- **INFORMATION GIVEN**:
──────────

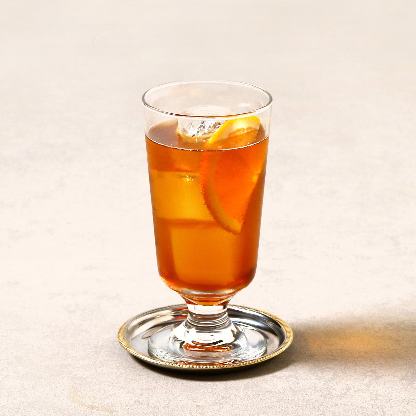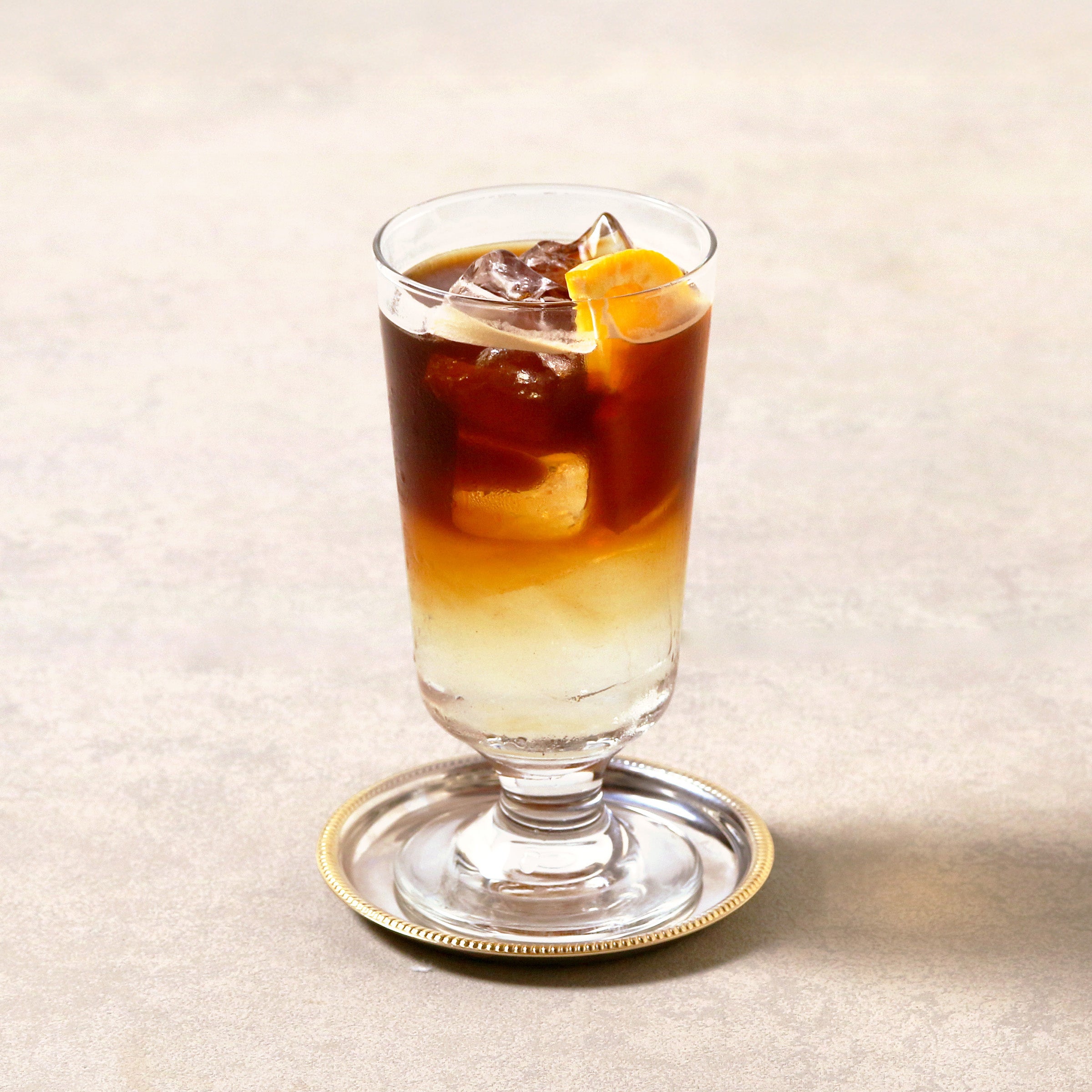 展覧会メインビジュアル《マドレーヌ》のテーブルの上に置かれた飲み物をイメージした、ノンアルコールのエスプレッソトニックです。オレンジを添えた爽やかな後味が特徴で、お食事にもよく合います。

──────────

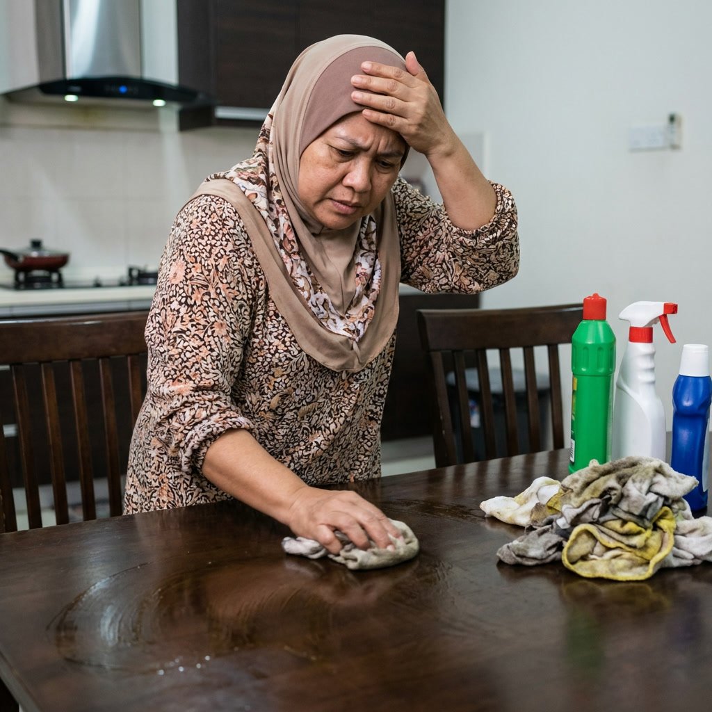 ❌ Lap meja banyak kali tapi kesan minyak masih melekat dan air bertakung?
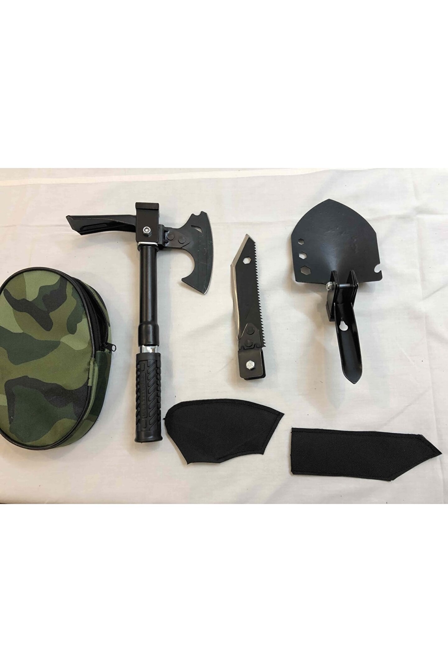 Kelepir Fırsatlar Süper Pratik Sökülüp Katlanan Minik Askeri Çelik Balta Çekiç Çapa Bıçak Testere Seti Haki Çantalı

──────────

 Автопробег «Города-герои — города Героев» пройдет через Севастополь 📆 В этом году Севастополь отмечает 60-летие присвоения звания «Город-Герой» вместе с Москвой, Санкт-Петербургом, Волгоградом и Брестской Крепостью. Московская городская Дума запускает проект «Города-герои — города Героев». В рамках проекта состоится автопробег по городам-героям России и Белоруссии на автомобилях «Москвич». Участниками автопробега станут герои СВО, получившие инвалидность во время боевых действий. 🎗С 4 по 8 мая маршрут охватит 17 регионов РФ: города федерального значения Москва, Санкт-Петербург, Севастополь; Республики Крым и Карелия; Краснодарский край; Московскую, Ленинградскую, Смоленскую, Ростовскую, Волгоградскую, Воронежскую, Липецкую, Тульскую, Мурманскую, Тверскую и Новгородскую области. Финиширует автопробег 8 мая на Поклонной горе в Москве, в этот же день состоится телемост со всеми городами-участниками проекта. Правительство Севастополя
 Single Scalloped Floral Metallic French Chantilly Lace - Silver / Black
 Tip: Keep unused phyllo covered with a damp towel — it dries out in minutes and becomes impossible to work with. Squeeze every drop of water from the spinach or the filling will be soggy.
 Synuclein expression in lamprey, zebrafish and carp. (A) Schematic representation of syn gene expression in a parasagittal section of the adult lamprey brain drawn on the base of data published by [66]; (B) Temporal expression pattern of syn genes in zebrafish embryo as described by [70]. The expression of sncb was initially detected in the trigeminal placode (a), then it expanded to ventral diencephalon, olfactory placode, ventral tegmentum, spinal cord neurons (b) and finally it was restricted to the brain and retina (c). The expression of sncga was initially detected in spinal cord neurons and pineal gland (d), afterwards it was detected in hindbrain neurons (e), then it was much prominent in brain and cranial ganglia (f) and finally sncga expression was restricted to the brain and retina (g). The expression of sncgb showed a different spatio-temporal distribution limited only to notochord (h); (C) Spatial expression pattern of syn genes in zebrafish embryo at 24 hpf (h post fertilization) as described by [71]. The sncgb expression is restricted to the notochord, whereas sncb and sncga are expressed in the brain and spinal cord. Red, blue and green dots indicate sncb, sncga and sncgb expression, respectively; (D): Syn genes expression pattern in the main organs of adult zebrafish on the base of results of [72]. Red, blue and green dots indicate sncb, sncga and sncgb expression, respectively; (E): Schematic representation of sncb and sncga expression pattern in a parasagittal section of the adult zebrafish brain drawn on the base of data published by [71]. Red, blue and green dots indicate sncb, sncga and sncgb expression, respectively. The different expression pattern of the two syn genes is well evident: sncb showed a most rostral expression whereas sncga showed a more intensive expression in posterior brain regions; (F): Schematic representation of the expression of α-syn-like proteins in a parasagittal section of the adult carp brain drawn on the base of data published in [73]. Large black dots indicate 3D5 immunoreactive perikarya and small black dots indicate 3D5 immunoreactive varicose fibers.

──────────

- **PROBLEM STATEMENT**: Output only an exact transcription of the lines above from the one with "проекта. Правительство Севастополя" up to and including the one with "Tip: Keep unused".

- **WRITTEN RESPONSE**:
 Автопробег «Города-герои — города Героев» пройдет через Севастополь 📆 В этом году Севастополь отмечает 60-летие присвоения звания «Город-Герой» вместе с Москвой, Санкт-Петербургом, Волгоградом и Брестской Крепостью. Московская городская Дума запускает проект «Города-герои — города Героев». В рамках проекта состоится автопробег по городам-героям России и Белоруссии на автомобилях «Москвич». Участниками автопробега станут герои СВО, получившие инвалидность во время боевых действий. 🎗С 4 по 8 мая маршрут охватит 17 регионов РФ: города федерального значения Москва, Санкт-Петербург, Севастополь; Республики Крым и Карелия; Краснодарский край; Московскую, Ленинградскую, Смоленскую, Ростовскую, Волгоградскую, Воронежскую, Липецкую, Тульскую, Мурманскую, Тверскую и Новгородскую области. Финиширует автопробег 8 мая на Поклонной горе в Москве, в этот же день состоится телемост со всеми городами-участниками проекта. Правительство Севастополя
 Single Scalloped Floral Metallic French Chantilly Lace - Silver / Black
 Tip: Keep unused phyllo covered with a damp towel — it dries out in minutes and becomes impossible to work with. Squeeze every drop of water from the spinach or the filling will be soggy.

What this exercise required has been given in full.